As soon as healthcare reform passed through Congress, talk about how to pay for it began immediately. Fox News commentator Charles Krauthammer said that he thought President Obama would propose a VAT (value-added tax) after the fall elections. The pretense would be that our prescient president had seen that debt and deficits were a big issue for the nation and had to be solved dramatically. Ah! What to do.
In his wisdom, the president would come up with the VAT, and the fiscal and monetary issues would melt down to a very manageable level. His brilliance once more would arrive to rescue the nation, as it had with myriad proposals over the previous year.
For those who have not yet heard about a VAT, it is in sum as follows: The federal government adds a tax at various stages of production of goods—say, 5 to 10 percent. By the time the full process is tallied, most goods go up dramatically in price to consumers. It is a hidden tax, just like existing excise taxes and hundreds more from the 1930s that were dropped slowly over the last decades.
Ordinary people will suffer the most from such taxes as the price of certain goods will become too high for them to pay on modest incomes. Others will lose their jobs as demand for VAT-taxed goods drops. Capital accumulation will probably drop, too, because those with more money will have less to save, even though they will spend more than their less-well-off friends.
Interestingly, the fact that there is a sudden discussion of VAT may well undermine the president’s anticipated post-election tax proposal. Indeed, discussion of it from now until the election might prevent it from being a live option for revenue in the months ahead.

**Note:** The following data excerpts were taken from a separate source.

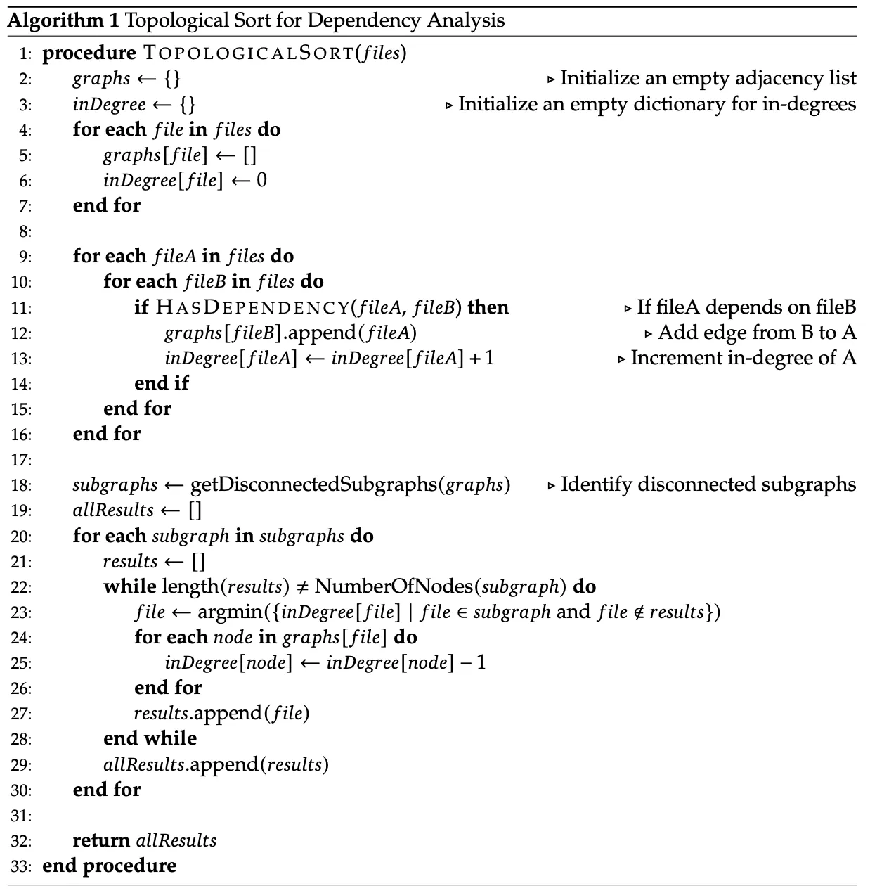 의존성 분석을 위한 Topological Sort 알고리즘은 다음과 같다.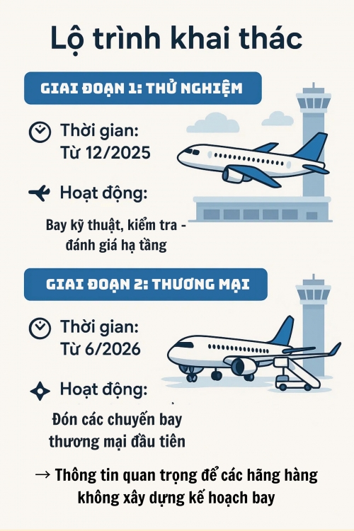 Cục Hàng không Việt Nam cũng đề nghị Vietjet và Bamboo Airways phối hợp chặt chẽ với Cảng hàng không quốc tế Long Thành để chuẩn bị các điều kiện khai thác khu bay theo yêu cầu, bố trí tàu bay, tổ lái và nhân sự kỹ thuật phù hợp, đồng thời cập nhật đầy đủ các thông tin, thông số kỹ thuật của sân bay đã được công bố.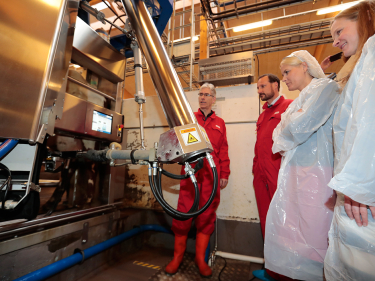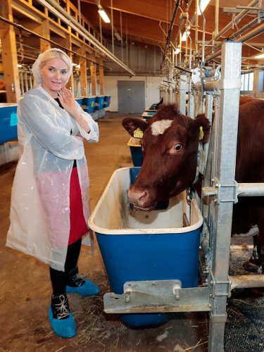 De fikk også demonstrert en melkerobot som både fester seg til juret og foretar selve melkingen helt automatisk. En robot kan betjene et fjøs med om lag 60 kyr. Under omvisningen var forskning på hvordan vi skal få til en mer effektiv og sunn husdyrproduksjon med mindre utslipp et viktig tema.
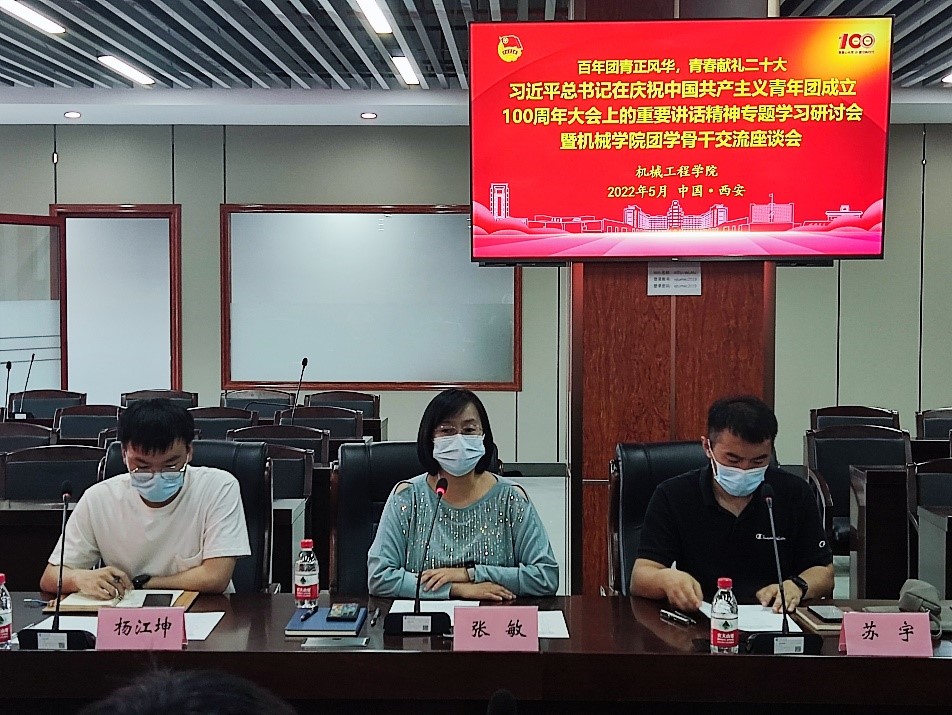 为深入学习贯彻习近平总书记在庆祝中国共产主义青年团成立100周年大会上的重要讲话精神,5月20日下午,机械学院 “百年团青正风华,青春献礼二十大”学习研讨会暨团学骨干交流座谈会在创新港2号巨构2-5008会议室召开。本次会议由团工委组织,出席本次会议的有机械工程学院党委副书记张敏、团工委副书记苏宇、杨江坤;机械工程学院团工委直属部门、研究生会、常代会、以及党建办公室学生骨干;2020级、2021级团支部骨干代表。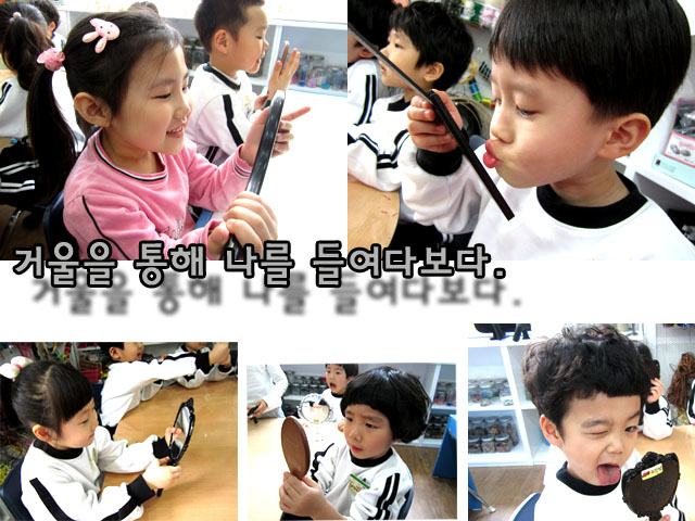 먼저 동화를 들은 후 일차적으로 거울을 보며 나의 얼굴을 탐색 해 봅니다. 어린이들은 거울에 비친 자신의 얼굴이 마냥 신기하기만 합니다. 이리보고 저리보고 눈썹도 움직여 보며 각 가지 표정들을 지어 봅니다.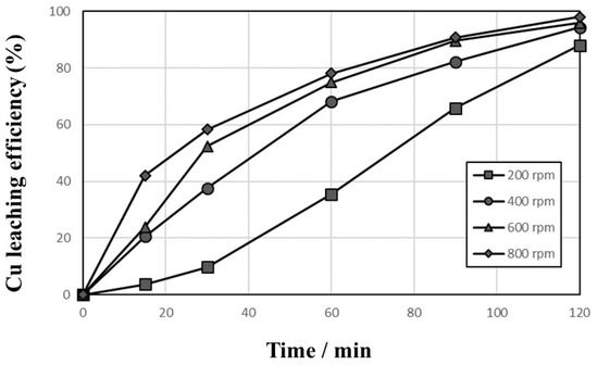 Effects of agitation speed on the leaching behaviors of Cu in 1 mol/L sulfuric acid solution at 90 °C with 10,000 mg/L Cu2+, 1% pulp density, and 1000 cc/min O2 introduction.
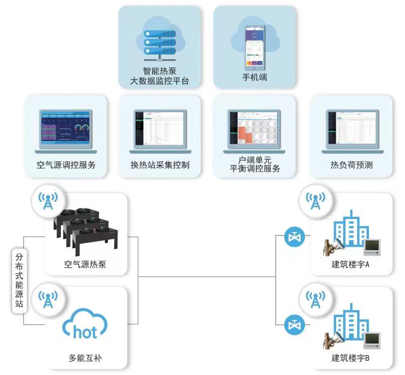 該系統包括基于物聯網技術的智慧空氣源熱泵分布式新能源站、HDCS能源站控制系統、末端均溫調控系統、熱負荷預測系統、智慧供熱管理平臺。該系統解決方案可以實現源-網-站-端”全過程覆蓋管理,全程在線管理和優化調控。
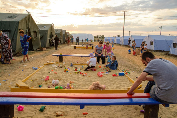 Бомжевать нам не дали. После незабываемой поездки по дороге смерти, которая за три дня до этого обстреливалась снайперами, после бесконечной очереди навьюченных автомобилей на украинско-русской границе, нас приютил полевой лагерь беженцев. Там были и туалет, и душ, и медобслуживание, и трансфер в другие города России. На помойках харчеваться нам тоже не позволили – обеспечили приличной кормёжкой. Правда, поселились мы на территории лагеря в своей палатке – но это по нашей личной инициативе: людей было очень много, и мы решили не занимать места, на которые могут заселиться семьи с маленькими детьми.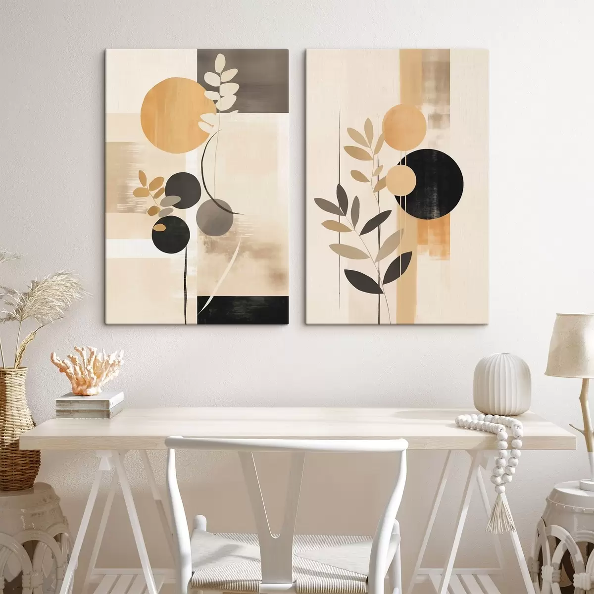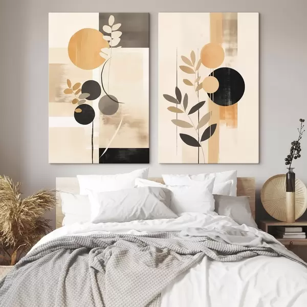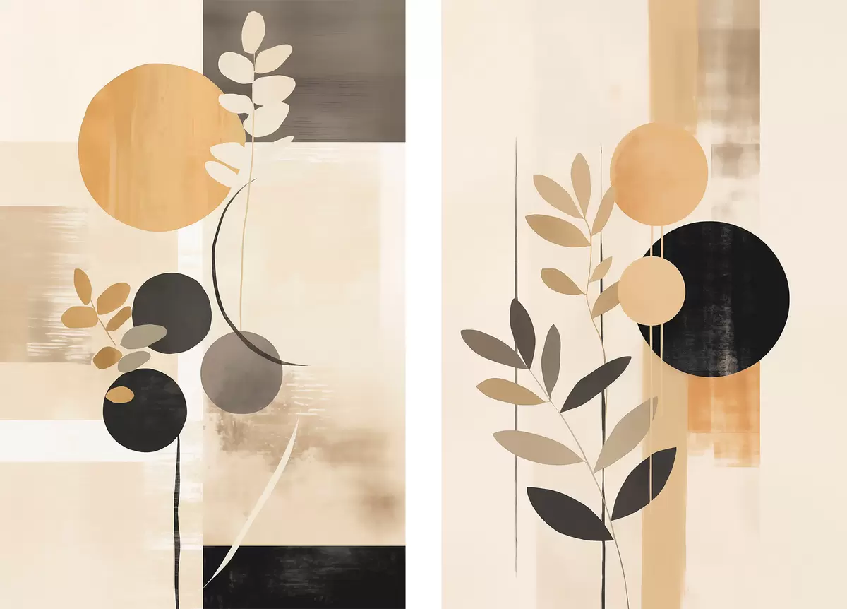 Cuadros Abstracciones con hojas y círculos Nr m30133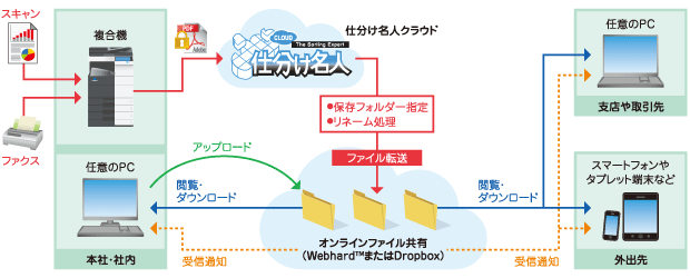 コニカミノルタの複合機(MFP)「bizhub」(ビズハブ)と連携※2し、電子化したスキャン文書や受信したFAXの"リネーム(ファイル名変換)処理"からオンラインストレージ上の指定フォルダーへの保存までを自動で行うサービスをご提供します。お客様は、既存のインターネット環境を活用でき、新たなサーバーや仕分け用のPC設置が不要であるため、導入費を抑えることができます。また、簡単な操作画面で初めての方でも容易に運用していただけます。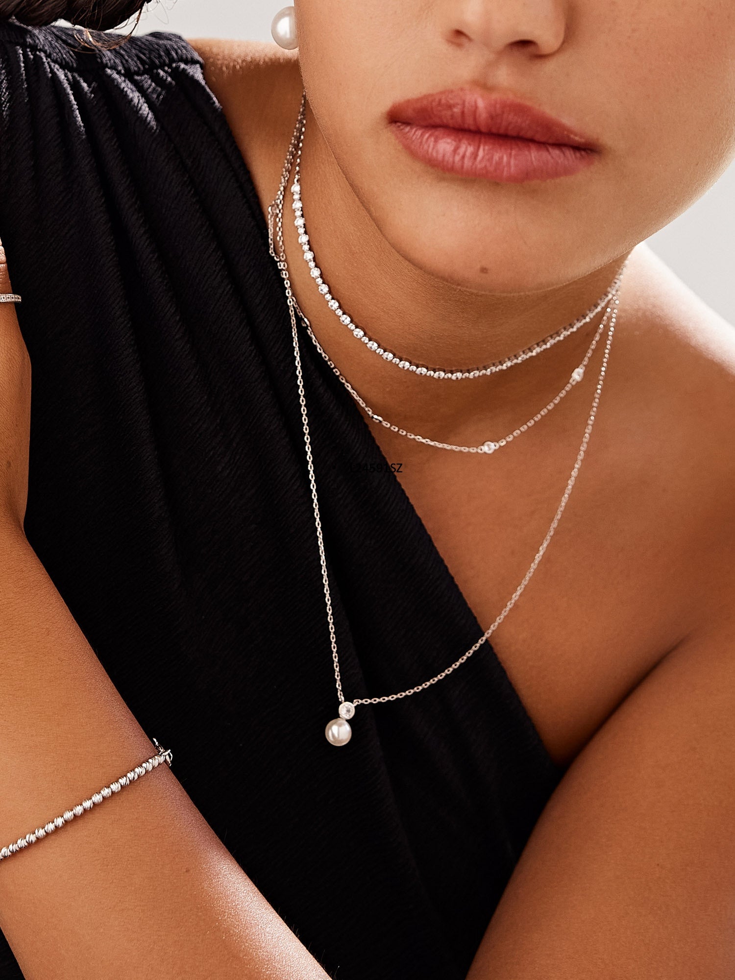 collar de perlas, Plata de Ley 925, Perla Swarovski artificial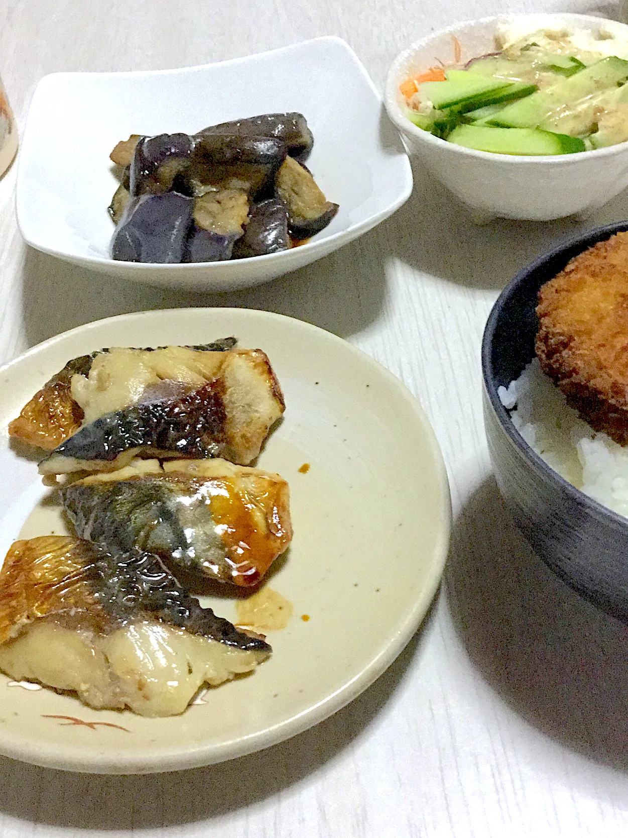 ナスの揚げ浸し、ミニサラダ、サバの塩焼き、半メンチカツ|Ayaさん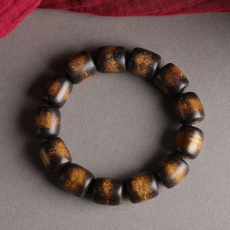 Natural high-end lightning-striken Dalagan golden thread agarwood bracelet, old material black oil Buddhist beads for women and men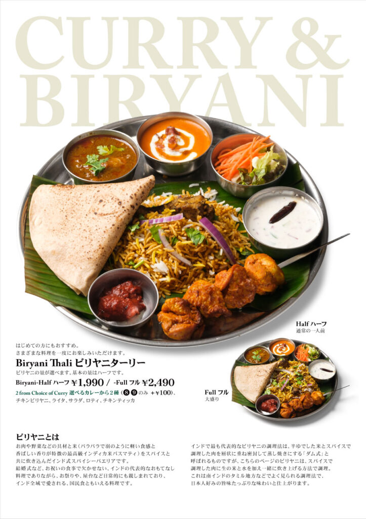 「ビリヤニ」はインド式スパイシーパエリア。インドの代表的なおもてなし料理であり国民食です。エリックサウス定番のチキンビリヤニはもちろん、ハイデラバードの古典的な製法を用いて都度炊き上げるマトン、サバなどのさまざまなスペシャルビリヤニも常時ご用意しております。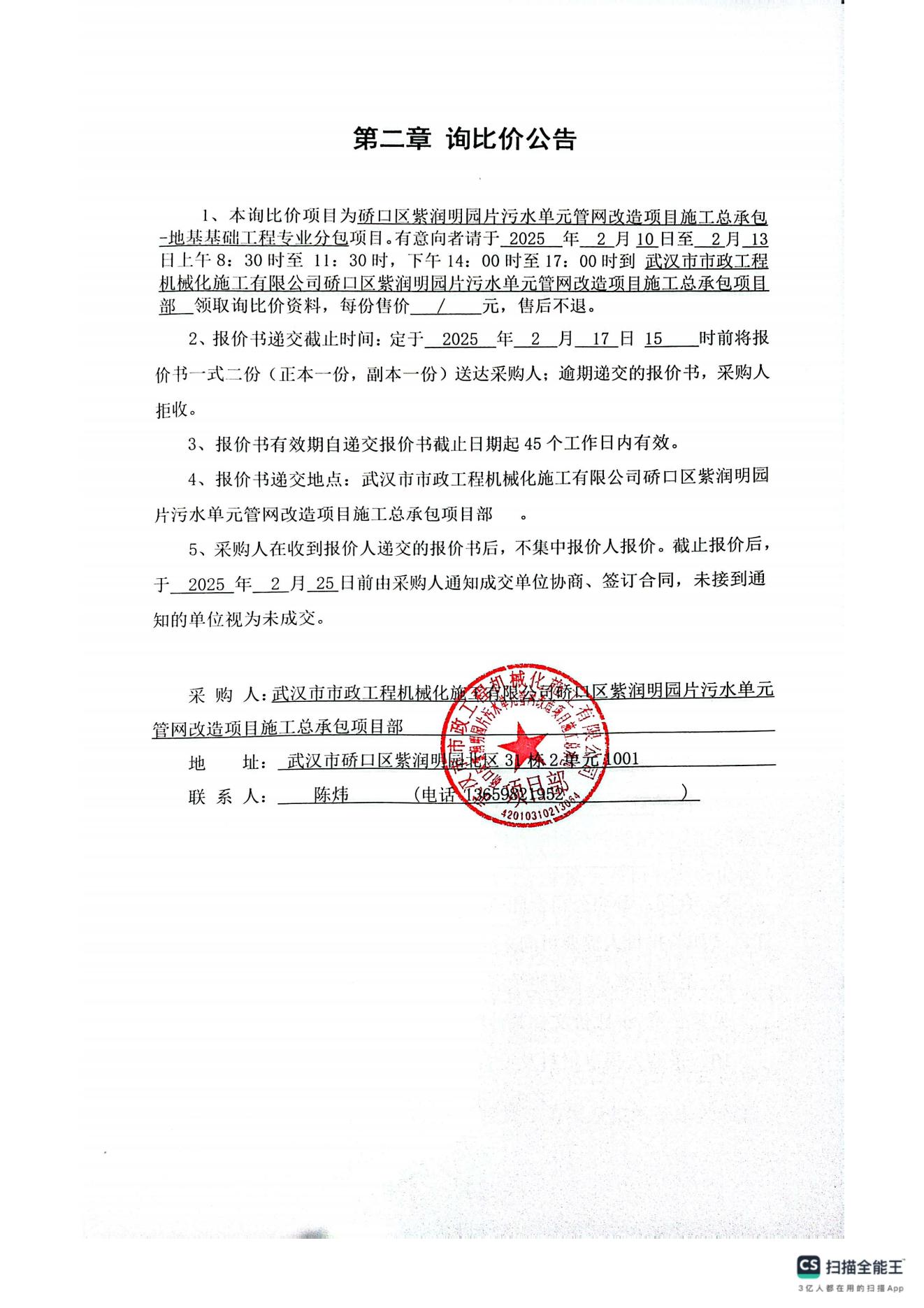 硚口區紫潤明園片污水單元管網改造項目施工總承包-地基基礎工程專業分包詢價公告

Especially interesting, at least to me at this time, is the fact that I discussed the VAT in several articles last year. I noted that the VAT appeared in the writings of the principal “progressive” supporter of Obama, John Podesta. If more people had taken the time to read Podesta’s The Power of Progress: How America’s Progressives Can (Once Again) Save our Economy, our Climate, and our Country, they would have known of the possibility of the VAT long before the 2008 election. Further, they would have gotten another clue about the radical nature of what I call the “Obama/Podesta movement.” If you doubt the extremism of Podesta’s program, note the title to part III of his book: “Why America is Poised for a Progressive Revolution in Politics.”
A bit more information about Podesta is helpful here: A one-time chief of staff for Bill Clinton, Podesta has headed up a radical or far-left think-tank for most of a decade, hoping that somehow a radical candidate would emerge to support his leftist agenda. Not surprising, when the Clinton campaign tanked in the summer of 2008, there stood a fellow Chicagoan who was an experienced community organizer and part-time U.S. Senator—Barack Obama. Obama had “found himself;” that is, he came to feel that radically reforming America was his calling—or, as Obama called it, a “fundamental transformation” of America. This vision, or calling, came to him while studying at Columbia and Harvard, and then was really driven home to him when he joined the “family” of Jeremiah Wright.
If you were looking carefully, you would have seen, and now still see, Podesta in Obama’s shadow. He was Obama’s transition chief after the election and before the inauguration. When Bill Clinton went to North Korea a while back to “rescue” the “spies” who had wandered into North Korea, it was Podesta who was with him—surely to give Obama a firsthand report on what happened. Or, you can see Podesta on weekend TV explaining Obama programs, most of which are listed in Podesta books and articles written over the past few years. He even published an inauguration speech that he wanted Obama to give. It, of course, was a summary of many of his favorite programs. Among those favorites is a value-added tax.
VAT a surprise in the past week or so? Not if you have read a guiding source of Obama ideas—John Podesta.